The annual siege of Beijing has almost passed.
Chinese Lunar New Year tradition calls for loud noises to frighten away evil spirits, and each year the nation that invented fireworks indulges gleefully in brilliant nighttime displays to celebrate the biggest holiday of the year. That celebration has been even more jubilant in Beijing since 2005, when authorities reversed a 12-year ban on fireworks inside city limits, albeit only during the New Year period and still with some restrictions.
Still, red-roofed kiosks carrying fireworks with names like Ten Thousand Sounds pop up on street corners starting in mid-January, fuelling light-and-sound extravaganzas that leave the city sounding like a war zone for the better part of a month. Most families spend at least a few hundred yuan (less than $100) each year on firecrackers, this year ushering in a Year of the Dragon they hope will bring prosperity.
“Shooting fireworks and firecrackers is our tradition. When they explode in the air, it brings the feeling of the Spring Festival,” said vendor Wang Yong, 34, complaining sales at his kiosk in the central-eastern neighbourhood of Shuangjing were down this year -- perhaps a reflection of the country’s slowing economic growth.
Over the years, the celebrating has taken a toll.
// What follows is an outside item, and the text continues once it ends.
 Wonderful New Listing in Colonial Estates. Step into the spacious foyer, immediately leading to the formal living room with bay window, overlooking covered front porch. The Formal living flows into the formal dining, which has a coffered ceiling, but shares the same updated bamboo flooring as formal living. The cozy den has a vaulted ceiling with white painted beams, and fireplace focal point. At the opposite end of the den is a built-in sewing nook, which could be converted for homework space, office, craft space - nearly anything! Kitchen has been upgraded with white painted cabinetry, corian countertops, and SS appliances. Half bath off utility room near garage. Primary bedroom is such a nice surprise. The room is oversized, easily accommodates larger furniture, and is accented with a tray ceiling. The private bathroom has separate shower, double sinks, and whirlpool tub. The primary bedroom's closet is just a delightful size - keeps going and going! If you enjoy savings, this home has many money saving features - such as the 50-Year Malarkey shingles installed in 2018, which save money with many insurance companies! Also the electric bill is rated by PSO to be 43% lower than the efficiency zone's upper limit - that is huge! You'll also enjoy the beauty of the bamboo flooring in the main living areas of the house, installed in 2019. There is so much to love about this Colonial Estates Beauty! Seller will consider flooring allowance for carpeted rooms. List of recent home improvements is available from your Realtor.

In 2009, the future site of a Mandarin Oriental hotel in Beijing, adjacent to the city’s iconic new CCTV tower, was destroyed after a fireworks display gone wrong; last year, a five-star hotel in the city of Shenyang burned down.
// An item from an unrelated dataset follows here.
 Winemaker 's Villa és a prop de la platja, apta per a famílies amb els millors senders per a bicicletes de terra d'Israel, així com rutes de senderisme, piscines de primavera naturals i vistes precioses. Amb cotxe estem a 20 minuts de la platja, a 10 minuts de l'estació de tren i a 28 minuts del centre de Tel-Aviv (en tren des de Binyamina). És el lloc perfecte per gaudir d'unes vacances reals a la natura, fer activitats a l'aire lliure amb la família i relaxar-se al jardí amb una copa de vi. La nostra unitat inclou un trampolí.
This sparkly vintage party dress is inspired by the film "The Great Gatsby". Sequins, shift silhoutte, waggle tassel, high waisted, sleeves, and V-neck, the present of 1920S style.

This year, major landmarks have so far emerged unscathed by the nightly display, though firework-induced clouds of smoke on the first night of the festival sent Beijing’s new pollution monitoring equipment haywire, spiking readings of fine particulate matter – known as PM2.5 – up to unhealthy levels even after the daytime air had been cleared by gentle winds, lighter traffic and factory shutdowns for the holiday.
Beijing’s municipal health department has reported one dead, two amputations and 223 other injuries from wayward fireworks; Tongren Hospital, the city’s leading ophthalmology hospital, put 14 doctors and surgeons on duty in its emergency room to handle an expected surge in eye injuries.
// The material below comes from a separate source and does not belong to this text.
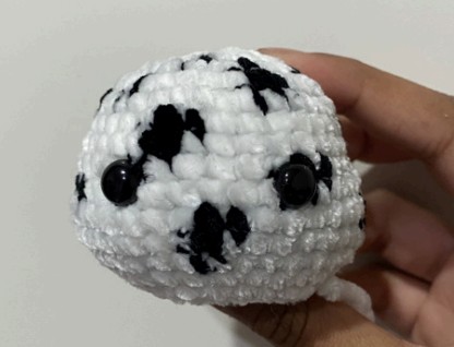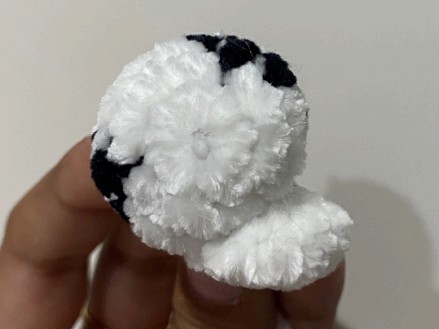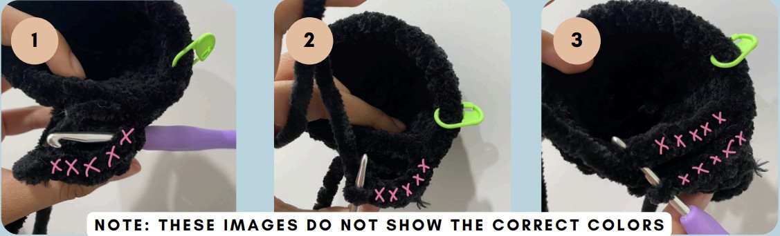 – pour ce faire, utiliser votre aiguille pour passer à travers les deux boucles de la tête et seulement la boucle avant du corps, et les coudre ensemble.

Some 183.7 tons of red paper scraps, leftovers from firework casings, have littered city streets like confetti, according to the Beijing Environmental Sanitation Engineering Group, requiring more than 5,000 street sweepers to clean up – though that was, reportedly, three tons less than last year’s mess.
Twenty water tank trailers were reported to have been kept on standby to fight celebration-related fires.
“Every year there are some accidents, with dead or injured -- it’s quite normal,” said Fang Yuanyuan, 46, a Beijinger whose family spent about 1,000 yuan, or about $160, on fireworks for four separate nights during the festival, with their last show planned for Lantern Day on Feb. 6. It’s partly for tradition, and partly to pray for an auspicious year, ahead of her son writing grueling university entrance examinations this spring.
“The old generation always said it was for chasing away the evil ghosts,” she said. “Now, some do it because the kids love it, some want to create a mood; some think you can’t celebrate the New Year without them, some do it for auspiciousness and some out of superstition.”